### PROBLEM STATEMENT
For every line in the material, output its text exactly and exclude any image it holds.

### COLLECTED DATA
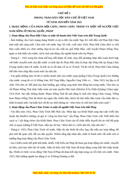 ệ đ xe ể m chi ti t ế (có l i ờ gi i ả ) CHỦ Đ 2 Ề PHONG TRÀO DÂN T C Ộ DÂN CH Ủ Ở VI T Ệ NAM TỪ NĂM 1919 Đ N Ế NĂM 1925 I. HO T Ạ Đ N Ộ G C A Ủ PHAN B I
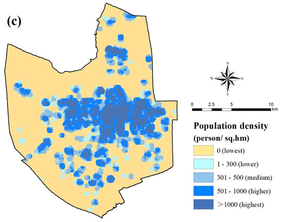 In the formula, POP is the total population in the region (person); S is the region’s total area (hm2).
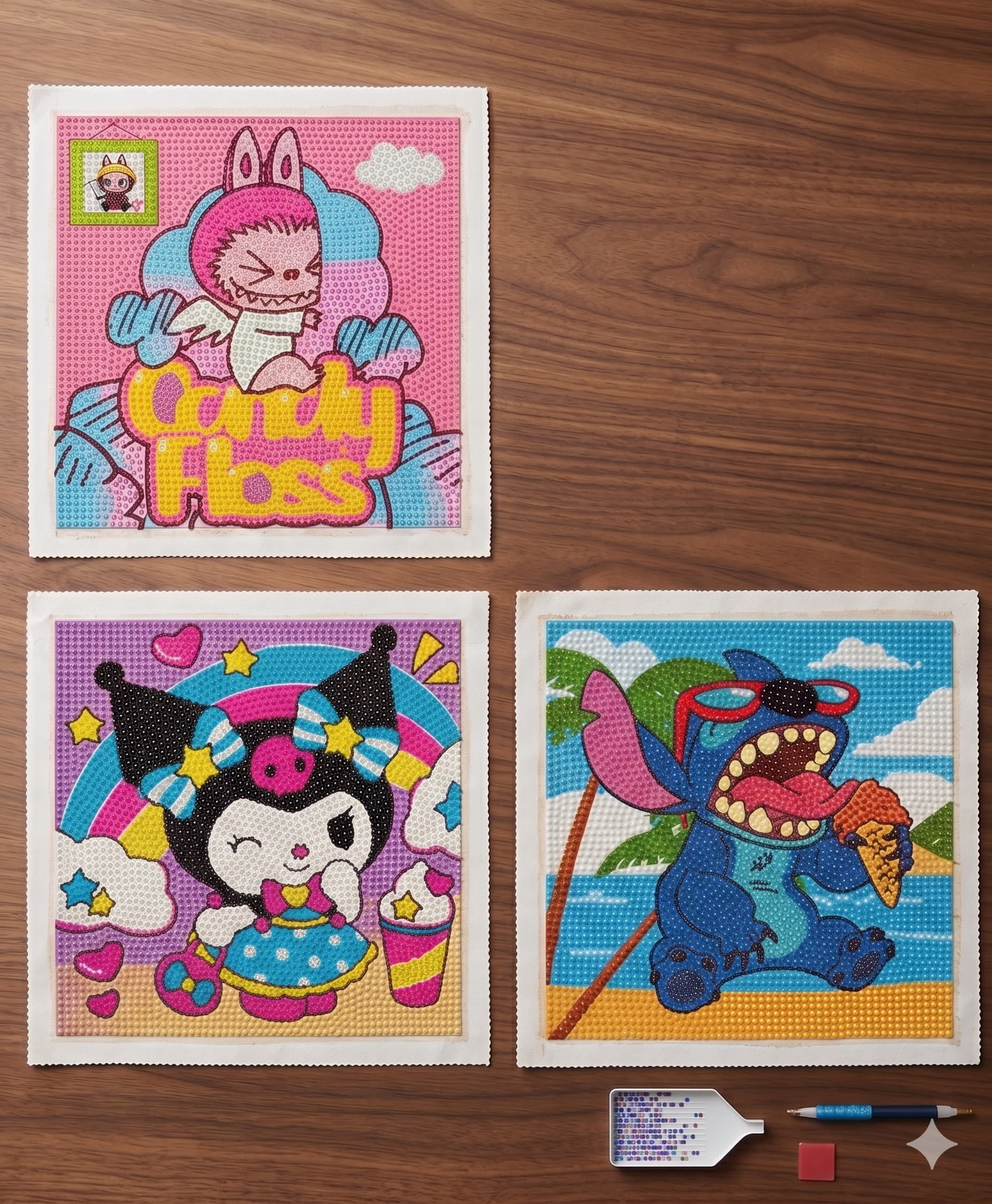 Stitch, kuromi, sanrio y labubu

### FINISHED EXERCISE
 ệ đ xe ể m chi ti t ế (có l i ờ gi i ả ) CHỦ Đ 2 Ề PHONG TRÀO DÂN T C Ộ DÂN CH Ủ Ở VI T Ệ NAM TỪ NĂM 1919 Đ N Ế NĂM 1925 I. HO T Ạ Đ N Ộ G C A Ủ PHAN B I
 In the formula, POP is the total population in the region (person); S is the region’s total area (hm2).
 Stitch, kuromi, sanrio y labubu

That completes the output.